» **RECORDED INFORMATION**
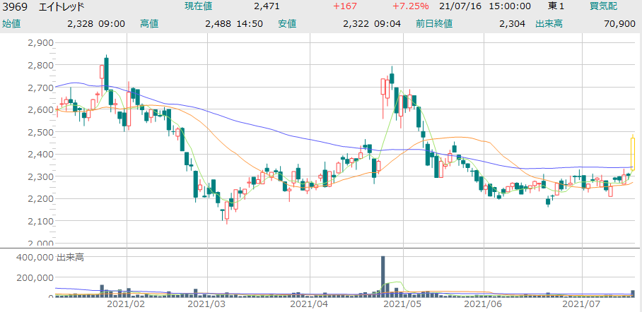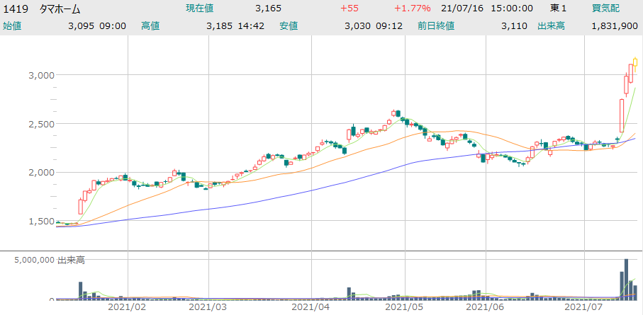 株価も大幅に伸ばしており、上場来高値を更新する絶賛青天井相場中です。
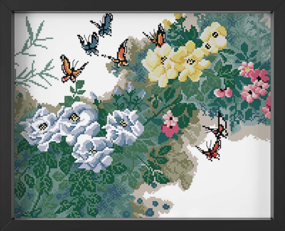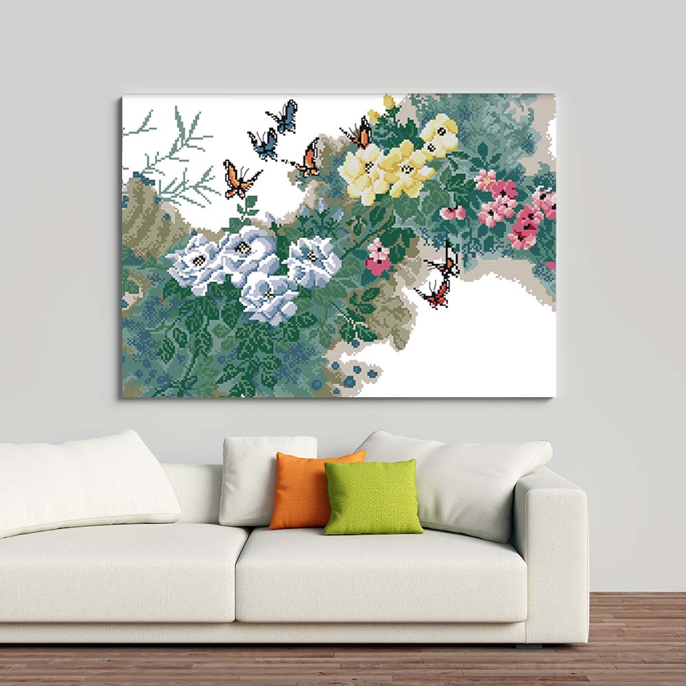 Kreuzstich - Blumen mit Schmetterlingen | 60x30 cm - Diy - Fadenkunst
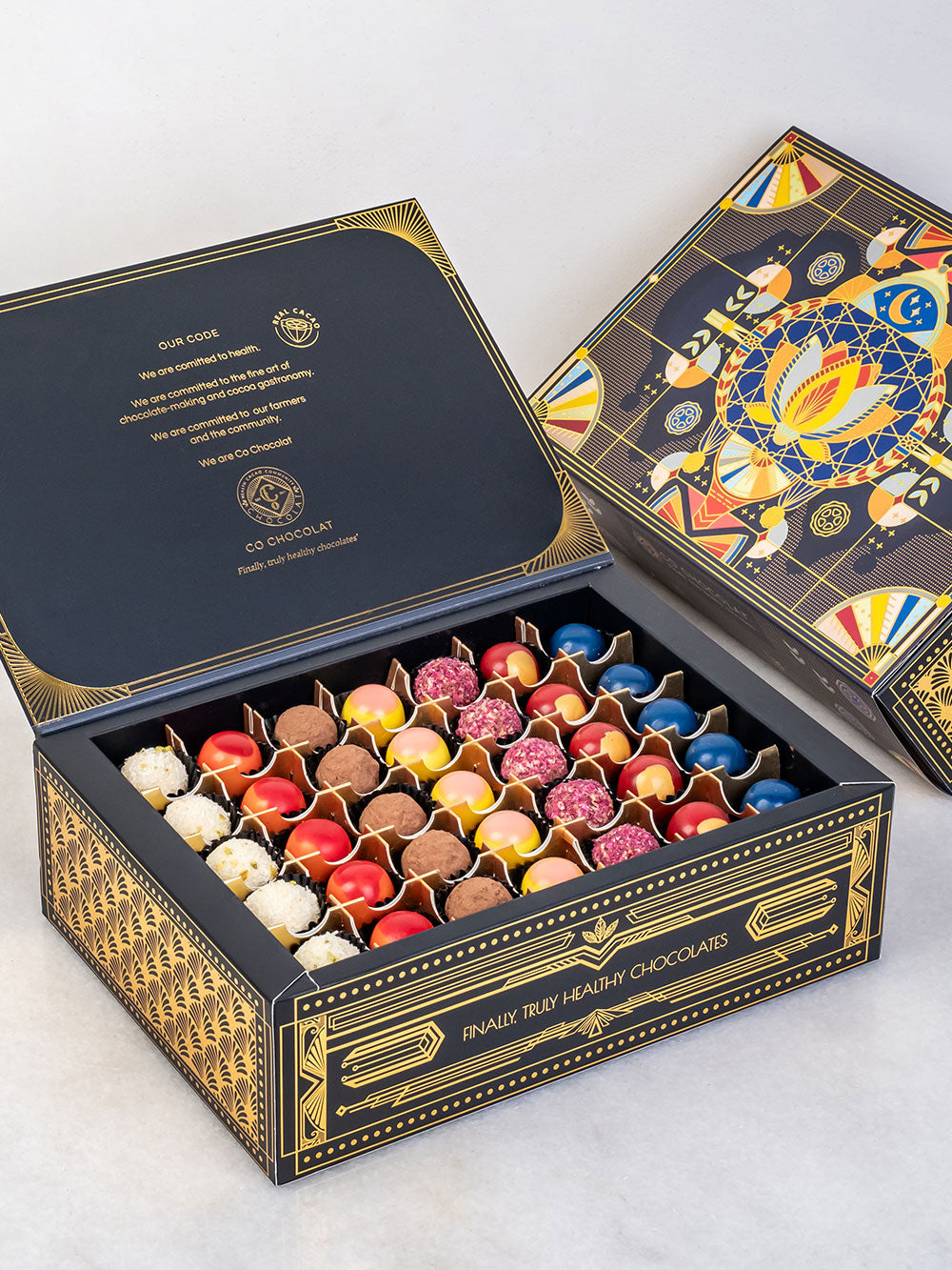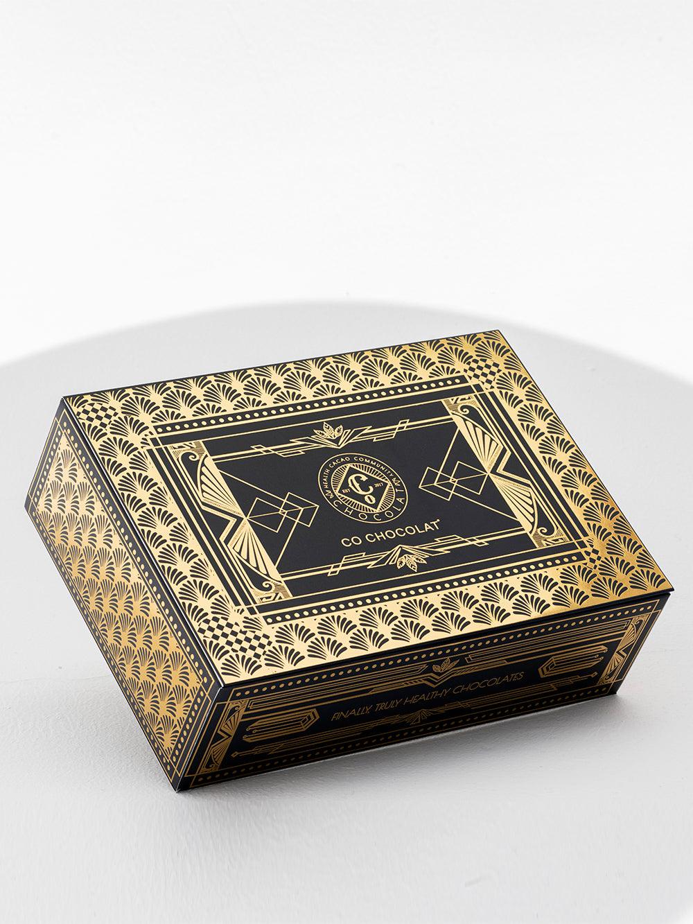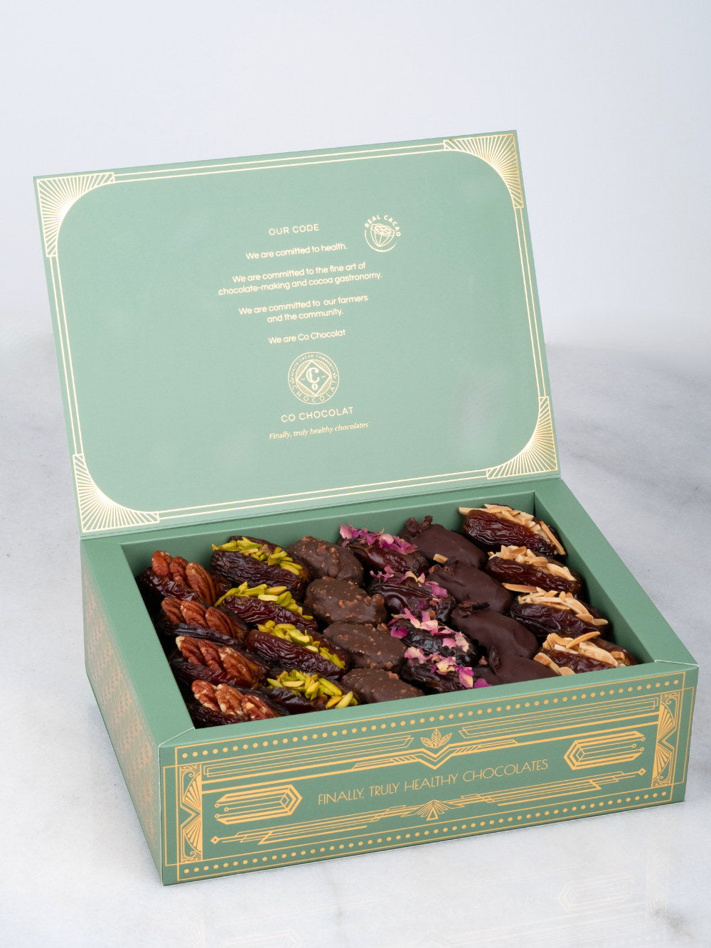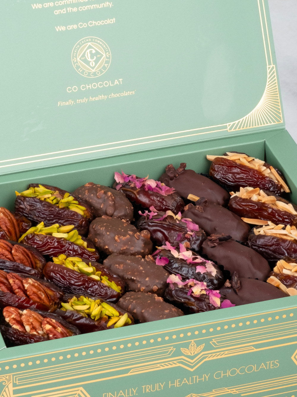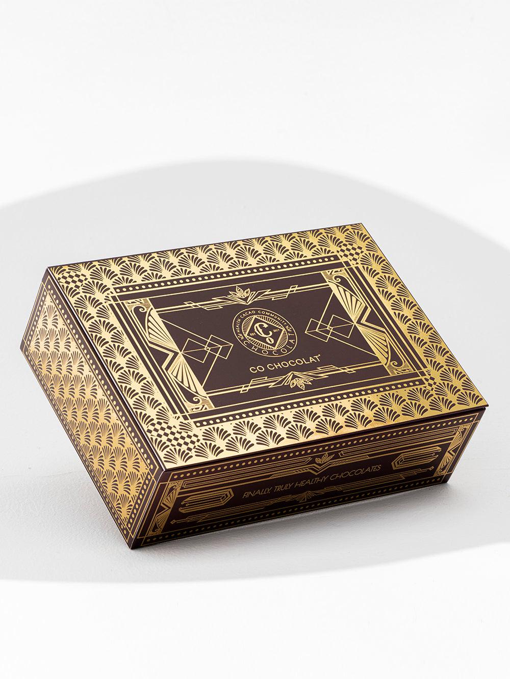 Our Noor Art deco box is filled  with vegan, cane sugar and gluten-free treats using only all-natural ingredients. Enjoy the awesome sweetness of  premium, jumbo medojoul dates. Indulge in Enrobed Chocolates, fruity Pâte de Fruit, Assorted Mendiants, fine Chocolate Pieces, or Indulgent Cookie Truffles.
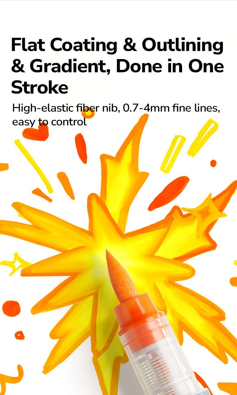 Dwustronne markery Mideer ułatwiają te wybory, bo każdy z nich łączy dwa odcienie. Wystarczy obrócić marker, by natychmiast sprawdzić inną barwę, bez odkładania narzędzia i przerywania pracy.

» **YOUR ASSIGNMENT**
Transcribe exactly, and only, the lines from the one with "Our Noor Art" through the final line of the data above. The pictures stay out.

» **RESPONSE AREA**
 Our Noor Art deco box is filled  with vegan, cane sugar and gluten-free treats using only all-natural ingredients. Enjoy the awesome sweetness of  premium, jumbo medojoul dates. Indulge in Enrobed Chocolates, fruity Pâte de Fruit, Assorted Mendiants, fine Chocolate Pieces, or Indulgent Cookie Truffles.
 Dwustronne markery Mideer ułatwiają te wybory, bo każdy z nich łączy dwa odcienie. Wystarczy obrócić marker, by natychmiast sprawdzić inną barwę, bez odkładania narzędzia i przerywania pracy.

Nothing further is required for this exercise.